Read this, you should be able to realize that the core component of Move is the bytecode validator. Let's see how it validates a section of Move bytecode. The verification process usually involves the following steps:

  • Control flow graph construction: This step breaks the bytecode into code blocks and builds a jump relationship between them;
  • Stack height check: This step is mainly to prevent the cross-border access of the stack;
  • Type checking: This step will type check the code through a "type stack" model;
  • Resource Check: This step focuses on security checks for resource types, preventing resources from being copied or destroyed, and ensuring that – resource variables are used by subsequent code. The bug in the example above is discovered at this step;
  • Reference Check: This step refers to Rust's type system and performs static and dynamic checks on references. The check is done at the bytecode level, ensuring that there are no dangling references (references to unallocated memory) and that the read and write permissions of the references are safe;
  • Global Status Link: This step mainly checks the signature of the structure type and procedure, ensures that the module's private procedure is not called, and that the called parameter list conforms to the declaration of the procedure.

Move virtual machine

Move's virtual machine has more similarities to EVM. It is also a stack-based virtual machine. The instruction set contains six types of instructions: data loading and moving, stack operations/algebraic operations/logic operations, module members and resource operations, reference-related operations, control flow operations, and blockchain-related operations.

Similar to the EVM, each instruction will calculate a gas, and the code will stop after the light is consumed. In Move, the code execution of a transaction is atomic, or all execution is successful, or one is not executed. Interestingly, although Libra is a standard blockchain ledger structure, all transactions are globally ordered, but the Move language itself supports parallel execution, which means that Libra can be improved into a Vite-like DAG ledger in the future. The efficiency of transaction parallel processing.

Future work

Currently Move is still in an early development phase, and the follow-up work includes:

  • Implement the basic functions of the Libra chain, including accounts, Libra tokens, reserve management, verification node addition and removal, transaction fee management, cold wallets, etc.
  • New language features, including paradigms, containers, events, contract upgrades, etc.
  • Improve the developer experience, including designing a humanized high-level language;
  • Formal modeling and verification tools;
  • Support for third-party Move modules.
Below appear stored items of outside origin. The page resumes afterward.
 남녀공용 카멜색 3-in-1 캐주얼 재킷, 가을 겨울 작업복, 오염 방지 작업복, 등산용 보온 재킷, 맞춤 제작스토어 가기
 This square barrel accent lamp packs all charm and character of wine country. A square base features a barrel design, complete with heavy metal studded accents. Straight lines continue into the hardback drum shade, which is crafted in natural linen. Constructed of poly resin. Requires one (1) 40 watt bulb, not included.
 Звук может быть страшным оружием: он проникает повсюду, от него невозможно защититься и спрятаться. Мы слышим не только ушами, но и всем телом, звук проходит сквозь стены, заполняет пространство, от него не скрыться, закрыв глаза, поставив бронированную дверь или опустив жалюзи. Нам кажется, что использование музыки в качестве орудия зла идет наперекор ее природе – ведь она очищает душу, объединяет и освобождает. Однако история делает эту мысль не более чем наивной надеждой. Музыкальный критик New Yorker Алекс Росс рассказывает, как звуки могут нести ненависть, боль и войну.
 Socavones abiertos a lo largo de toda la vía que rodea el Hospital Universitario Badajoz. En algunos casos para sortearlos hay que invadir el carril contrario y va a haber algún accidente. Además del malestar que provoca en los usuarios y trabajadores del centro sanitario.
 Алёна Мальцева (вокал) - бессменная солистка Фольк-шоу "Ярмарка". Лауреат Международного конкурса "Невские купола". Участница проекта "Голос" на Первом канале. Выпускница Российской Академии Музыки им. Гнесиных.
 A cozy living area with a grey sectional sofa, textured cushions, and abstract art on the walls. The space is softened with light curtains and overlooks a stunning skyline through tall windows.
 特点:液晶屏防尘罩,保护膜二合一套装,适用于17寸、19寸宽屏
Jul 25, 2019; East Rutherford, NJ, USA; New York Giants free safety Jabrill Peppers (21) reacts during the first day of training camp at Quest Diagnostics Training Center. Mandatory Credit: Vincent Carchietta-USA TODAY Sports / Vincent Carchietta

If there is any error in this article, please readers are correct. For more details, read the white paper or open source code. By the way, this white paper is written quite well, the concept is accurate, and it is easy to understand. Without the use of special formal descriptions or complex mathematical knowledge, a reader who has an understanding of blockchain technology can read it at once. This also reflects the professional and pragmatic style of the Facebook team.

Author: Liu Chunming, Vite Labs founder, block chain technology experts, China Block Chaining Applied Research Center executive director. Please indicate the source.